Pipe jacking is often referred to as a guided, trenchless method for installation of pipe sections under obstacles. A tunnel is formed using a drilling head, which is pushed further and further into the ground by reinforced concrete jacking pipes pushed behind it, in series. The pushing (or "jacking") is performed using several sets of hydraulic jacks. The drilling head usually houses a mechanical digging arm or a rotating head, and is steered using hydraulic steering jacks. The drilling head may be remotely controlled and navigated by a human operator and/or in an automatic manner. One way of navigating the drilling head is by emitting a laser beam into the jacked pipes, thereby creating a virtual straight path for the drilling head to follow. However, it is quite common to have curved tunnels formed by pipe jacking, in which case the navigation may intentionally but accurately deviate from the straight path of the laser beam.

As the drilling head excavates soil from its frontal area, the soil may be evacuated backwards using one or more conveyors or a pipeline with one or more pumps. Some drilling heads are also equipped for grinding the excavated soil, for easier evacuation. It is also customary to fluidize the soil using one or more suitable agents, to make its evacuation even easier.
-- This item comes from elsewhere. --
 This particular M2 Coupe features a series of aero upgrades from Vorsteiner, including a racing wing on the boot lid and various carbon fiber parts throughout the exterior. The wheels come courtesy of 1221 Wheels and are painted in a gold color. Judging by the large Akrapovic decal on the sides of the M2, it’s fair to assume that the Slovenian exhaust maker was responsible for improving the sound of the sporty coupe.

Pipe jacked tunnels are commonly manufactured with diameters ranging from 120 cm to 400 cm, however smaller and larger tunnels do exist occasionally. In ground conditions where the tunnel can be exposed to additional pressures due to the plasticity of the ground, intermediate jacking stations are sometimes introduced, to reduce the pressures. The intermediate jacking stations provide for sections of the pipeline (namely, sections formed of multiple jacking pipes) to be independently moved, which reduces the force which the hydraulic jacks, at the entrance to the tunnel, have to apply. In cases of high plasticity ground conditions, reducing of the pressure is also often achieved by lubricating the outer annulus of the pipelines.
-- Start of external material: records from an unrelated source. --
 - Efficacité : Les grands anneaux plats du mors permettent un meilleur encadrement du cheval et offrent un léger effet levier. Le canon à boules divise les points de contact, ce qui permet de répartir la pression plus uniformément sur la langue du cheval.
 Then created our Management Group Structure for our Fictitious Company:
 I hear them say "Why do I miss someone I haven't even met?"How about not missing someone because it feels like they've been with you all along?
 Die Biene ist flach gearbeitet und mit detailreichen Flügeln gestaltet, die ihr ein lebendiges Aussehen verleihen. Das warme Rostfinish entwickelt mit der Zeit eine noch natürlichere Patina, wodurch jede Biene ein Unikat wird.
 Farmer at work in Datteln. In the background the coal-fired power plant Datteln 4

A jacking pipe may be made in a way that allows a serial connection of multiple jacking pipes, which finally form the desired tunnel. While the tunnel is being formed, a set of metal pipes is introduced into the serially -connected jacking pipes, to form a conduit in which a fluid will flow. The metal pipes are then welded to one another while introduced process. The welding makes the set of metal pipes form an elongated, sealed conduit within the jacking pipes and along the tunnel.
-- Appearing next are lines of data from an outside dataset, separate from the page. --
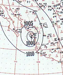 - ↑ Gunther, E. B.; Cross, R. L. (July 1984). "Eastern North Pacific Tropical Cyclones of 1983". Monthly Weather Review. American Meteorological Society. 112 (7): 1419–20, 1436–37. Bibcode:1984MWRv..112.1419G. doi:10.1175/1520-0493(1984)112<1419:ENPTCO>2.0.CO;2.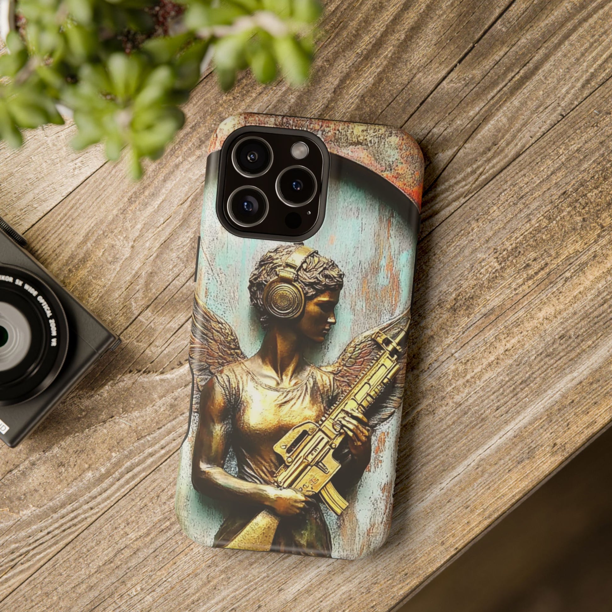 Magnetic Tough iPhone Charger Case - Angel with Dre Beats and AK-47 Art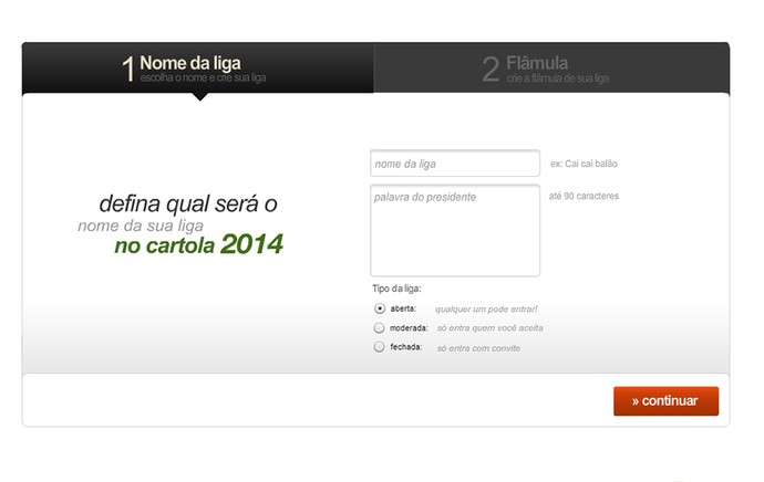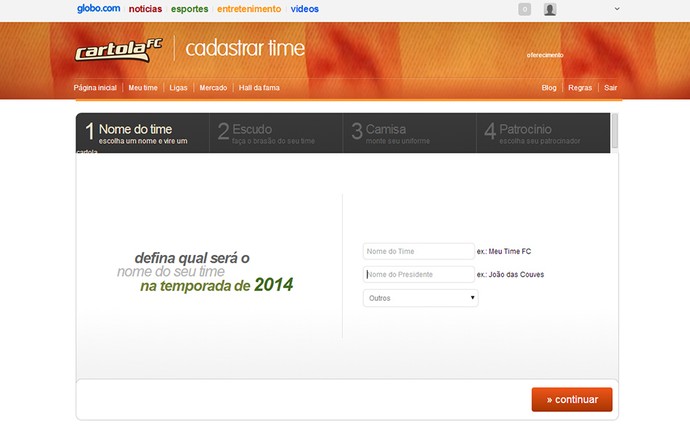 Depois de ativar o cadastro, a segunda etapa consiste na criação do nome do time, nome do Presidente e a indicação do seu time do coração. Com tudo preenchido, basta clicar em "Continuar".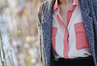 Short femme fluide à plis, gants cuir femme, étole douce imprimé géométrique et ceinture bi-matière (en vente chez Somewhere) – manteau Avant Premiere (en vente sur le site des Galeries Lafayette ou au magasin de Strasbourg) – chemisier en soie American Retro – compensées Asos (en vente sur mon vide-dressing ou des très ressemblantes chez Ash sur le site de chaussures Spartoo)

The foregoing examples of the related art and limitations related therewith are intended to be illustrative and not exclusive. Other limitations of the related art will become apparent to those of skill in the art upon a reading of the specification and a study of the figures. SUMMARY

The following embodiments and aspects thereof are described and illustrated in conjunction with systems, tools and methods which are meant to be exemplary and illustrative, not limiting in scope.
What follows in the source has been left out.